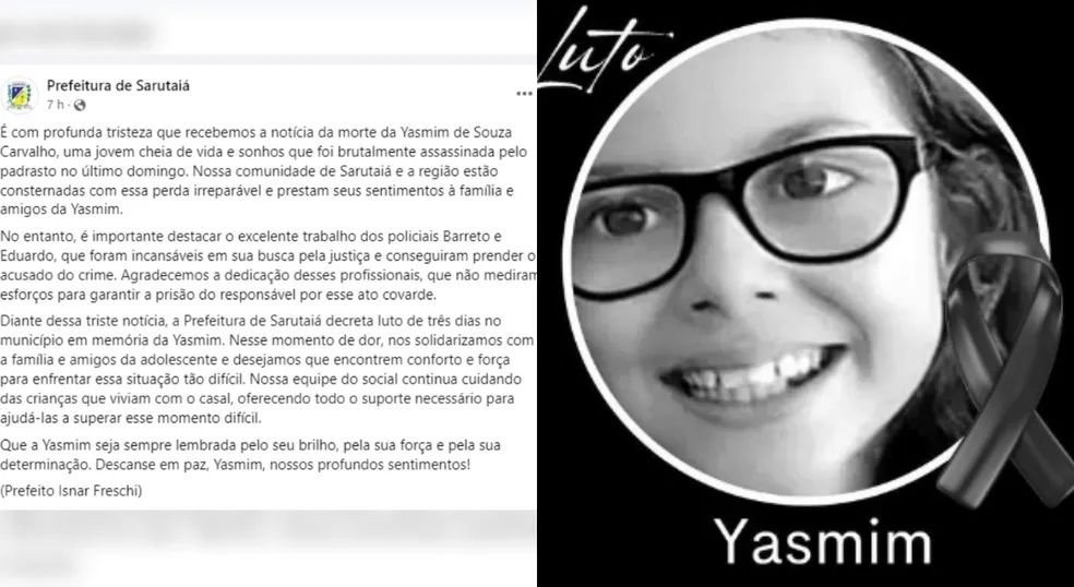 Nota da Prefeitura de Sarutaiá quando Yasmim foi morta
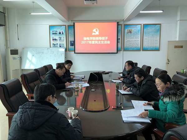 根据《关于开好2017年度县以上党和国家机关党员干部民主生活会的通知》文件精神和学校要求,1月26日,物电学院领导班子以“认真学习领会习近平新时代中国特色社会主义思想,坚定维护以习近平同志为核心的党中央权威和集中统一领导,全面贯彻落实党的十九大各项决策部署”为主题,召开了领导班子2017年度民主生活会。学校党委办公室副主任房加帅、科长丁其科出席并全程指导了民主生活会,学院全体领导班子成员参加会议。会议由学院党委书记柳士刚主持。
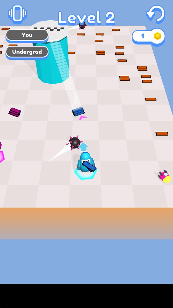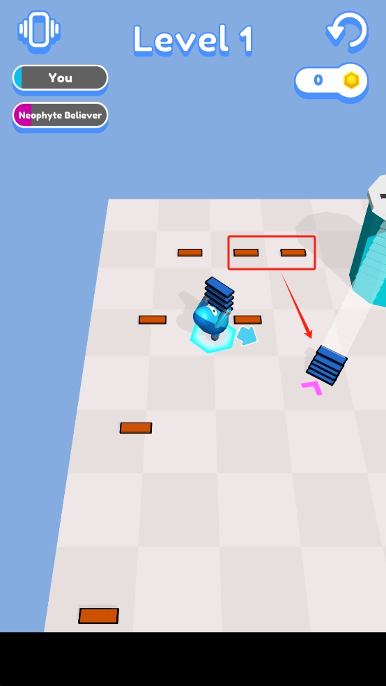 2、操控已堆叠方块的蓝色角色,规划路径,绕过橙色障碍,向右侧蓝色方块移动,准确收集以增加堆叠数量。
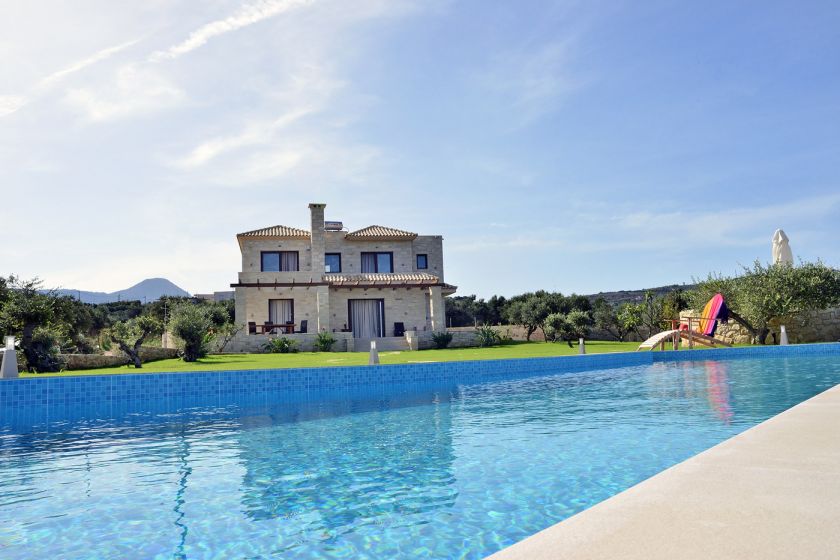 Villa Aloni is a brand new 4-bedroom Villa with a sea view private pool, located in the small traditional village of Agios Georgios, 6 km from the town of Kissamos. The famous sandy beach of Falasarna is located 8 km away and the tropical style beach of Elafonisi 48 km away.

PROBLEM STATEMENT. Return the opening line of the data above and every line after it up to and including the line that holds "2、操控已堆叠方块的蓝色角色"; pictures stay out.

RESPONSE TO THIS TASK.
 Nota da Prefeitura de Sarutaiá quando Yasmim foi morta
 根据《关于开好2017年度县以上党和国家机关党员干部民主生活会的通知》文件精神和学校要求,1月26日,物电学院领导班子以“认真学习领会习近平新时代中国特色社会主义思想,坚定维护以习近平同志为核心的党中央权威和集中统一领导,全面贯彻落实党的十九大各项决策部署”为主题,召开了领导班子2017年度民主生活会。学校党委办公室副主任房加帅、科长丁其科出席并全程指导了民主生活会,学院全体领导班子成员参加会议。会议由学院党委书记柳士刚主持。
 2、操控已堆叠方块的蓝色角色,规划路径,绕过橙色障碍,向右侧蓝色方块移动,准确收集以增加堆叠数量。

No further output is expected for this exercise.